A few weeks ago, I abandoned the idea of dragging the Christmas decorations down from the attic this year. I love Christmas and all the “stuff”, but for the first year ever, I couldn’t find the spirit or energy. No tree, no decorations, no gifts. Just one single Poinsettia plant that my father-in-law insisted that we buy. And for the most part, the boys are okay with my anti-celebratory mood. They know that I am the one who must do all the work, and they understand my feelings this year.
Our house is quiet today. It’s just the three of us here. In some respects, it’s just another caregiving day. The calendar may say one thing, but the routine is the same as this day last week.

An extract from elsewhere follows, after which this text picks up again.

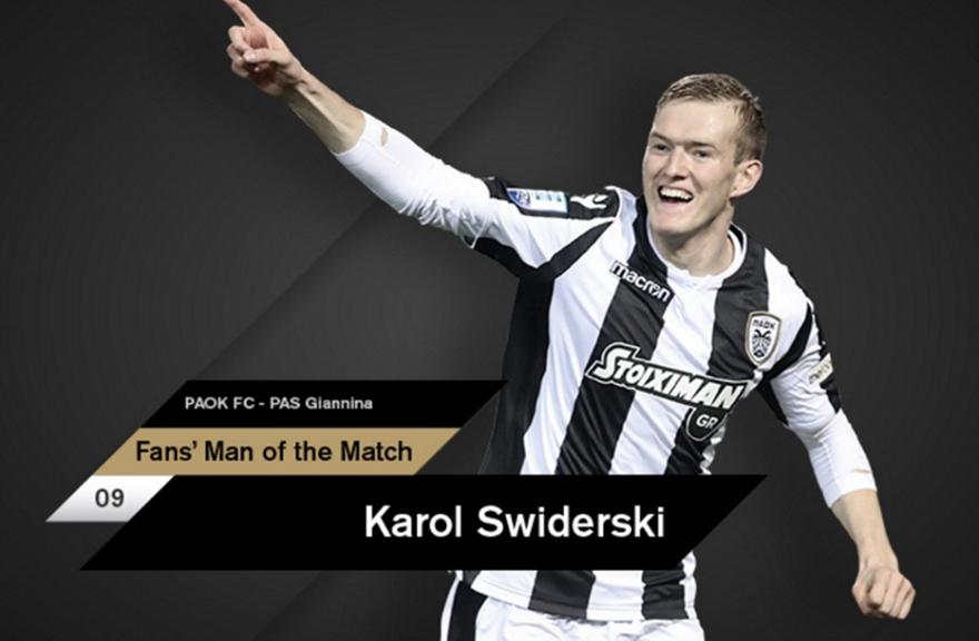 Ο Κάρολ Σφιντέρσκι αναδείχθηκε από το κοινό του paokfc.gr και του PAOK FC Official App, ως ο Fans’ Man of the Match της αναμέτρησης κόντρα στον ΠΑΣ Γιάννινα στο γήπεδο της Τούμπας για την 15η αγωνιστική της Super League Σουρωτή.

So as I sit here reflecting on this day, it occurs to me that we are like the little Who people in Whoville. There’s a Grinch that lives above us on the mountain. He’s a different kind of Grinch that has stolen from us before. He has stolen the health of my beloved husband. He has stolen the lives of his two sisters that bravely fought and lost battles with Muscular Dystrophy. Thankfully, my husband is still fighting and refusing to quit. The Grinch has also stolen time with friends and family away from us. We don’t travel and we are basically shut-ins.
So here’s where my story hits a positive note. We all know that Christmas will come with or without the gifts. After all, it’s in our hearts, right? A couple days ago, a very sweet lady from our church, who knows our situation, brought us some cookies, some fruit, and some kindness. This morning, my sister brought us some ham and lots of vegetables for lunch tomorrow. The kindness had reached me. Somehow, the spirit of Christmas had found me even after I had tried to hide it.
The fictitious Grinch can take many things away from us as caregivers, but the spirit of Love and Hope is always with us.
Tomorrow may be a quiet day. There won’t be a huge family gathering with children everywhere. There won’t be an appearance from Santa. The three of us will have good food and we will have each other. That kind of Christmas gives me a feeling of Peace. Yes, we will be okay.
As we celebrate the holidays, I wish you that same Peace. The Grinch will always try to steal things from us. It’s the spirit of Love that he cannot take. Yes, all of us will be okay. Let the community of caregivers say, “Amen”.